Improved Batch Configuration:

• Telemetry export interval increased from 5 seconds to 20 seconds (4x longer)
• New batch size limit of 200 events per export
• Remote configuration support via tengu_1p_event_batch_config dynamic config
• Reduces network overhead and improves performance
• Evidence: xBI = 20000 and vBI = 200 at lines 478225-478226, dynamic config in er2() at lines 478169-478173

Rejection Feedback Tracking:

• New hasFeedback field tracks whether users provided feedback when rejecting tools
• Enables analysis of feature adoption and user engagement
• Evidence: QZ() function at line 352406, hasFeedback parameter at lines 1000-1002

Graceful Shutdown:

• Session data now flushes completely before process exit
• Prevents data loss from in-flight writes during termination
• Write tracking system counts pending operations
• Process exit hook calls flush() to wait for completion
• Evidence: flush() method at line 474250, cleanup registration in mw() at lines 474210-474212, trackWrite() wrapper at line 474242

DISABLE_INSTALLATION_CHECKS Scope:

• Environment variable now also disables install method mismatch warnings
• Skips checks for npm-local vs config mismatch and native vs config mismatch
• Previously only disabled some checks; now more comprehensive
• Evidence: Conditional check wrapping at line 373886 in mZ5() function

Simplified UNC Path Detection: The Windows UNC path detection was simplified from 8 security checks down to 1 basic pattern check. The new implementation removes specific checks for:

• IPv4 address-based UNC paths (e.g., \\192.168.1.1\share)
• IPv6 address-based UNC paths (e.g., \\[fe80::1]\share)
• WebDAV DavWWWRoot patterns
• SSL/port patterns like @SSL@8080

File operations no longer check for UNC paths at all, while bash command execution retains basic UNC path blocking. The security impact is reduced coverage for IP-based UNC paths and WebDAV-specific attacks.

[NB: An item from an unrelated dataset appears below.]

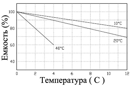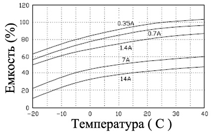 Зависимость емкости батареи аккумуляторной батареи/аккумулятора Hi-Watt LA 1270 от температуры при различных значениях силы тока
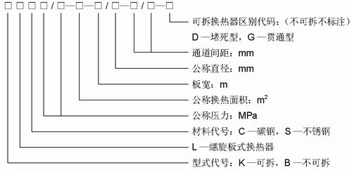 3、螺旋板式换热器型号表现方式以下:

Old mB1() function at line 469909 (v2.0.36), new i2Q() function at line 222404, file path validation Cr2() at line 474880

Proxy bypass logic moved from axios interceptors to per-request agent creation via the new CFA() function, providing cleaner separation of concerns and more granular control.

CFA() function at line 151929, proxy bypass check QbA() integration

Note: Line numbers reference /home/shcv/projects/claude-investigations/archive/claude-code/pretty/pretty-v2.0.37.js unless otherwise specified.